Une femme marche avec confiance dans les couloirs de Roissy, tirant sa valise d'un terminal à l'autre, observant les heures de départ, échangeant quelques mots avec des voyageurs en transit. Pour la voir, vêtue de chaussures et vêtue d'une jupe assortie à un chemisier en soie, personne n'imaginerait le supplice qui l'assaille. Ni l'errance qui est la sienne. Cette femme est un "indétectable", un sans-abri qui n'a pas l'apparence, qui se fond dans la foule des voyageurs pressés et, le soir, gagne les sous-sols ou le grenier pour passer la nuit. A ses yeux, Roissy est une bulle, une tanière, elle ne peut pas envisager de vivre ailleurs, l'extérieur est trop effrayant. Cette femme est l'héroïne de Roissy, le nouveau roman de Tiffany Tavernier, qui nous embarque pour une promenade ininterrompue dans les couloirs et les entrailles de l'aéroport. "J'ai eu l’idée de ce roman en lisant un article. Nous avions trouvé dans un aéroport une femme de 35 à 40 ans, SDF. Quand on lui a demandé combien de temps elle y habitait, elle avait répondu" toute ma vie ".
Menus larcins. Pour en savoir plus, l'auteur a longuement erré à Roissy, assise de temps en temps sur un banc, pensant aux pensées qui la traverseraient, aux sensations qu'elle ressentirait si elle était indétectable. Les affaires d'autant plus difficiles que son héroïne a perdu la mémoire. "Avant d’échouer ici, tout n’est pas clair. Je me réveille dans une chambre, incapable de me rappeler qui je suis, écrit Tiffany Tavernier.
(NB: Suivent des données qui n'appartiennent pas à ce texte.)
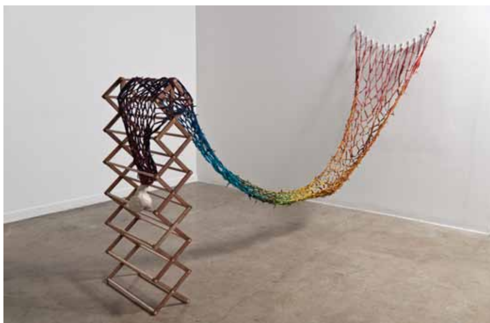
Beth Stuart, Stanchions for E.H./Thingdu , 2012. Spranged handcut leather, maple, walnut, unique porcelain vessel, unique glazed porcelain hooks.

Les flics me questionnent, mais peut-être les médecins. […] Ma tête me lance Après, je ne sais plus. Il pleut, je frissonne. Puis j'atterris ici, où je suis pris pour un voyageur. C'était il y a environ huit mois. "Huit mois de petits délits, un sac vidé dans les toilettes, dont elle ne gardera que l'argent; huit mois pour aller à Hambourg, Londres ou Dubaï, un New Herald Tribune arraché d'une poubelle sous le bras; huit mois pour aller à attendre devant les arrivées du vol AF 445 de Rio en mémoire des "228 personnes qui, par ce même vol, ont trouvé la mort dans la nuit du 30 mai entre 23 h 10 et 23 h 14, au-dessus de l'Atlantique Océan, miles et miles de toutes les terres et plus de la moitié des corps n'ont pas été récupérés. Les passagers disparus à qui elle identifie, elle qui est tombée quelque huit mois plus tôt, "une chute fracassante dont je suis sorti autre".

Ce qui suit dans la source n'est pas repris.